Currently, Vesna, a Human Rights Center which provides legal advice and reports on human rights concerns faces dissolution in a case before the Supreme Court of Belarus. Other NGOs have received warnings that subject them to possible closure.
Mr. Chairman, respect for non-governmental organizations is enshrined in OSCE commitments. In Copenhagen in 1990, participating States pledged to "ensure that individuals are permitted to exercise the right to association, including the right to form, join and participate effectively in non-governmental organizations which seek the promotion and protection of human rights and fundamental freedoms, including trade unions and human rights monitoring groups." More recently, in the Charter for European Security adopted at the OSCE Summit in Istanbul in 1999, participating States went a step further, by pledging to "enhance the ability of NGOs to make their full contribution to the further development of civil society and respect for human rights and fundamental freedoms."

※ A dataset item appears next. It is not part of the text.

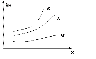 Важно, что энергия рентгеновского перехода является характеристической и меняется по закону, близкому к параболическому, по мере изменения зарядового числа. Соответственно, если мы определяем экспериментальное значение энергии из спектра, то опираясь на таблицы рентгеновских \спектров, можем установить, какой элемент генерирует рентгеновское излучение.

The assault on the NGO community in Belarus flies in the face of these commitments. No doubt, Belarus will want to argue it is simply complying with Belarusian law. That defense is unacceptable. If, in fact, there are laws that exist in Belarus and, applied properly, allow for a campaign of this kind, there is either a serious problem with the laws or their implementation. Either way, it is simply not tenable for Belarus to contend it is meeting its OSCE obligations to respect NGOs in the face of a campaign of this scale against them.
We urge Belarus to cease its attacks on NGOs and to allow them to make their invaluable contribution to Belarusian society. Belarus can take the first step by dismissing the case against Vesna. That should be quickly followed by decisions to reverse the closure of the other groups closed in recent months and to uphold media freedoms.
Mr. Chairman, Belarus is isolating itself and that is not in any one`s interest, not in its own, not in that of the United States, nor in any State gathered round this table. But only Belarus can overcome this plight by manifesting, in action, its respect for the principles of democracy and human rights enshrined in OSCE commitments. The OSCE`s Office in Minsk and ODIHR can provide valuable assistance. But, ultimately, the potential for genuine, substantive progress resides in the political will of the Belarusian.